Um soldado atacou surgindo das sombras e Ulren agarrou-o com firmeza, procurando alavancagem.
O homem era forte, embora talvez isso fosse simplesmente a idade a pesar contra si. Ulren tinha descoberto que o seu corpo doía-lhe agora, quando havia estado no campo de treinos na sua casa, e as escravas que em tempos iam ter com ele de bom grado tinham agora de esconder as suas expressões de desgosto e desânimo. Havia dias em que ele entrava nos quartos e mal se conseguia lembrar porque é que se tinha dado ao trabalho.

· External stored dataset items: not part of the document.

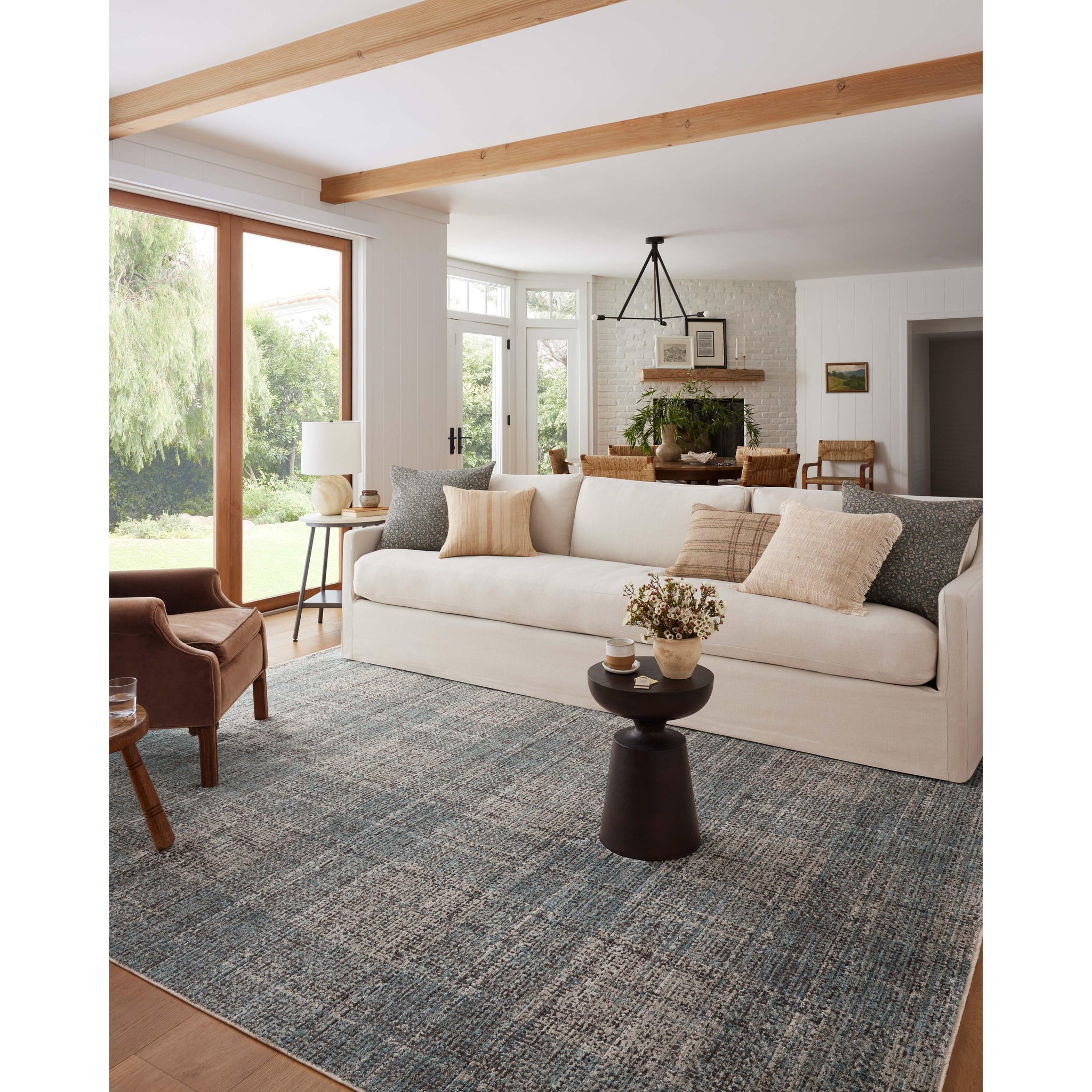 Ember Emb 09 Denim Charcoal area rug from the Ember Collection by Angela Rose x Loloi. This modern flatweave rug features a classic plaid pattern, making it a versatile addition to any room in your home. Crafted from 100% space-dyed polyester using power-loom technology, this rug boasts durability and a rich color palette that will enhance your space.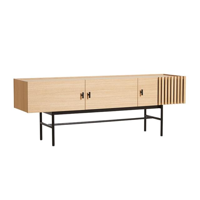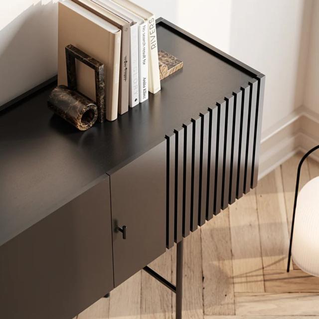 「アレイ サイドボード」は、現代建築に多く見られる木製スレート外装からインスピレーションを得たデザイン。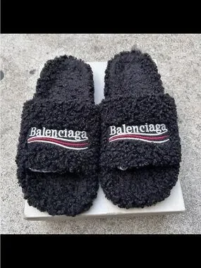 Designer slides with plush sherpa strap. Balenciaga logo embossed on the sole. Soft textured upper and durable rubber sole. Casual luxury for everyday wear.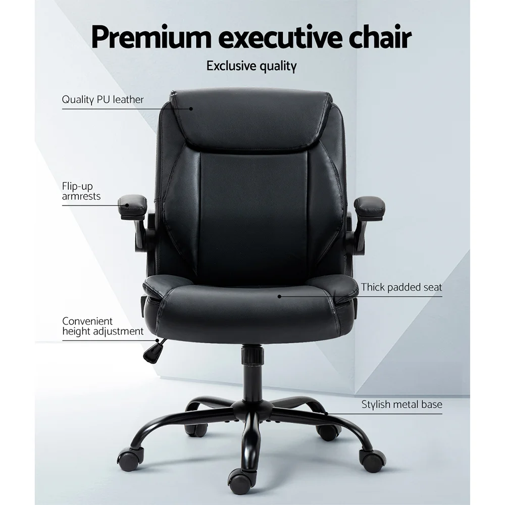 Artiss Executive Office Chair, PU Leather, Mid-Back, Black, 67x65x95-103cm, Ergonomic, Adjustable, Home Office Comfort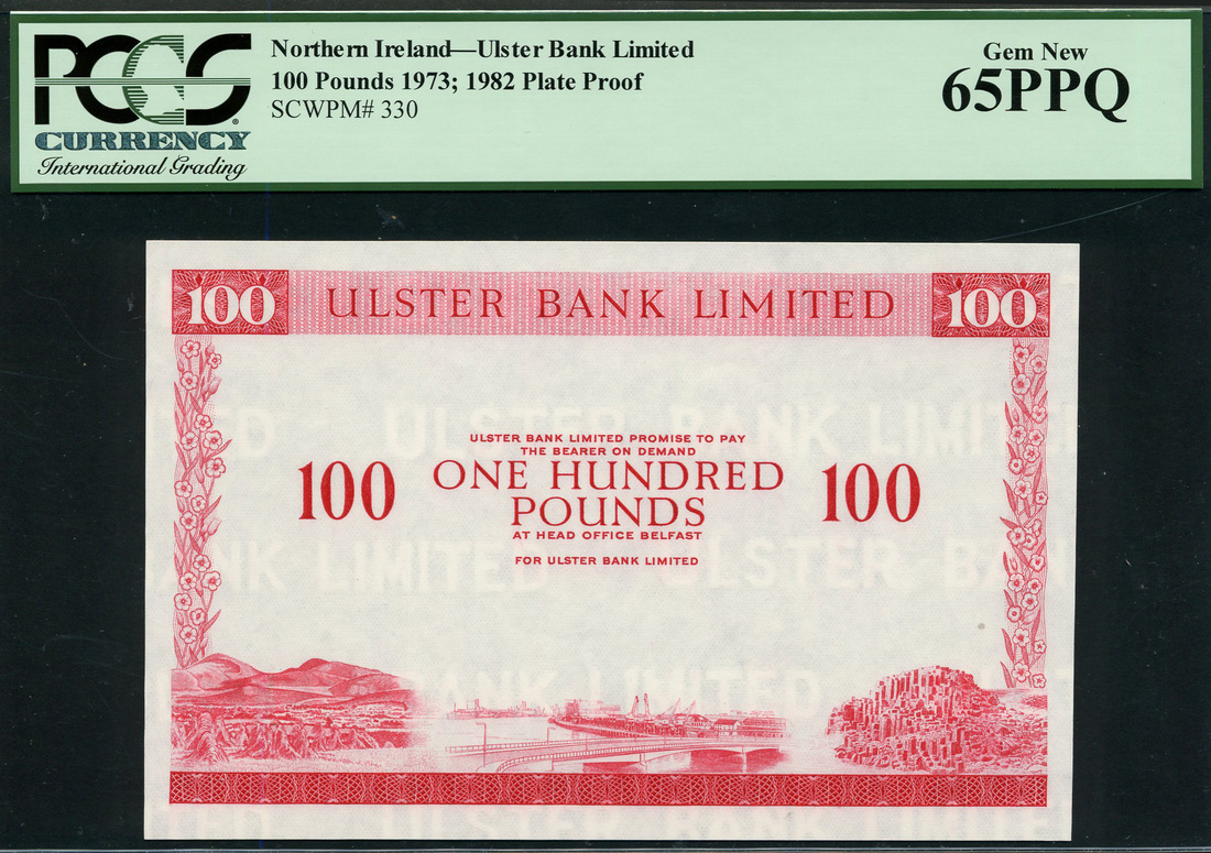 Ulster Bank Limited, a selection of three partial die proofs comprising £10, 1966, green and white, £20, 1970, purple and white and £100, ND, red and white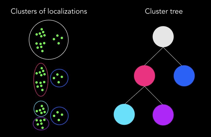 There are many popular algorithms, but most approaches rely on some metric of density. In general localizations that are densely packed form clusters, and these clusters are separated by areas of sparse localizations. In practice, however, this is a complicated problem. For example, due to the varying background across a sample or because some clusters themselves contain smaller clusters.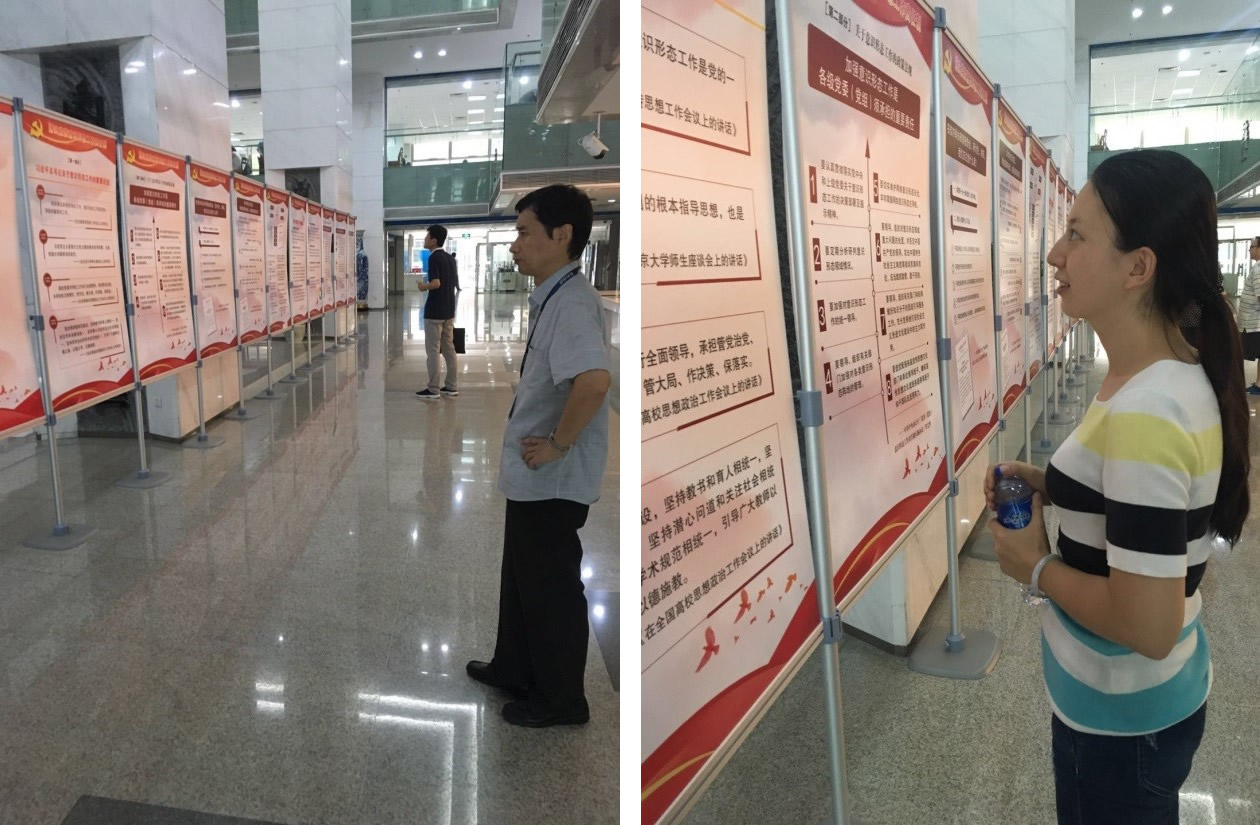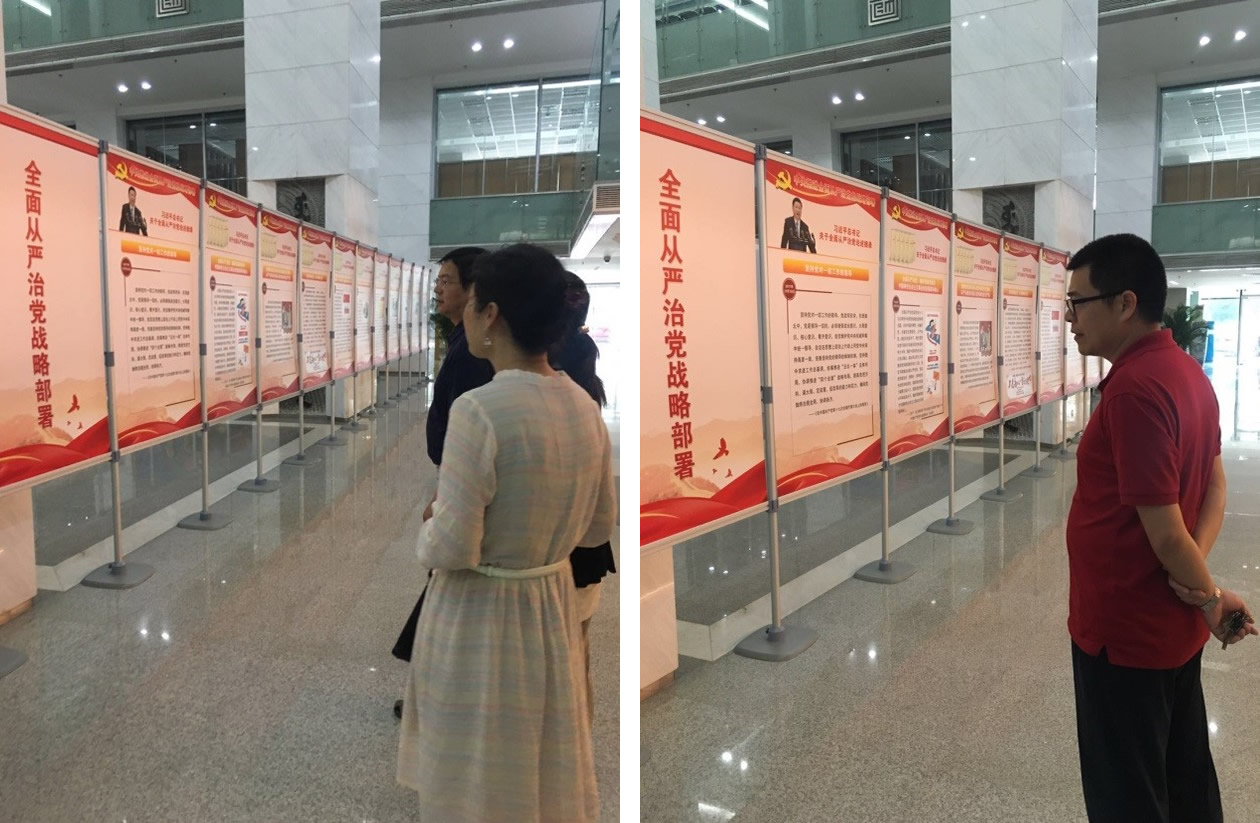 7月13日,51动漫 为落实学校全面从严治党宣传教育月工作部署,组织教师党员代表参观了学校纪监办、宣传部在主楼四季厅举办的“以永远在路上的执着,推动全面从严治党向纵深发展”主题教育展览。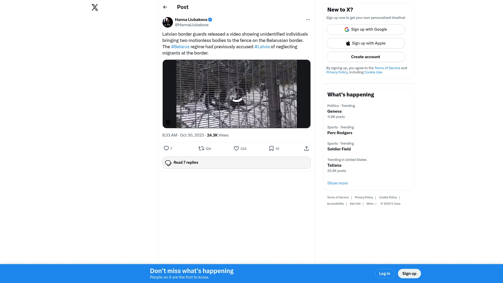 - "Latvian border guards released a video showing unidentified individuals bringing two motionless bodies to the fence on the Belarusian border."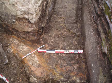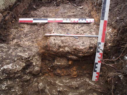 La base du conduit est constituée d’un béton à tuileau reposant sur un hérisson de moellons, le tout remplissant la tranchée creusée dans le substrat rocheux (Cliché 2). À droite, le piédroit, réalisé en moellons est encore en place, alors que le piédroit gauche a été supprimé pour permettre l’agrandissement du conduit à l’arrivée du deuxième aqueduc.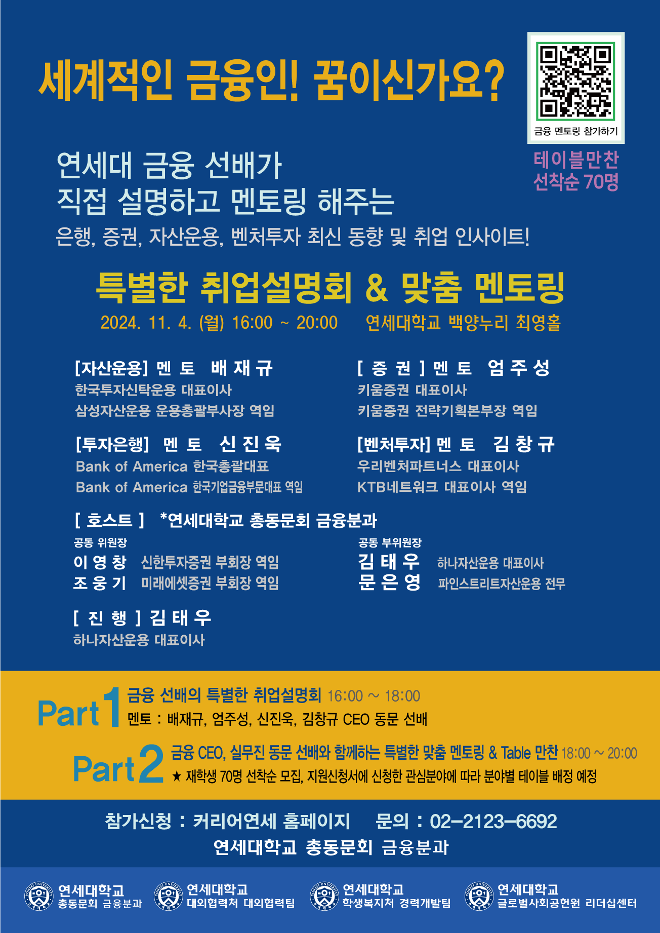 참가신청: 커리어연세 홈페이지/문의: 02-2123-6692

Mas ele não tinha perdido nenhuma da sua astúcia. Ele virou-se com a força da investida do outro homem, enganchando o pé por detrás da perna do seu atacante e empurrando com a força que tinha. O soldado tropeçou, e depois caiu, de cabeça para baixo pelas escadas de espiral abaixo da torre de cinco lados. Ulren deixou-o para os seus guerreiros terminarem. Já era suficiente que ele não tivesse parecido fraco.
“Está tudo pronto no resto da cidade?”, perguntou ele a Travlen, o sacerdote que havia desistido da sua ordem para caminhar ao lado dele.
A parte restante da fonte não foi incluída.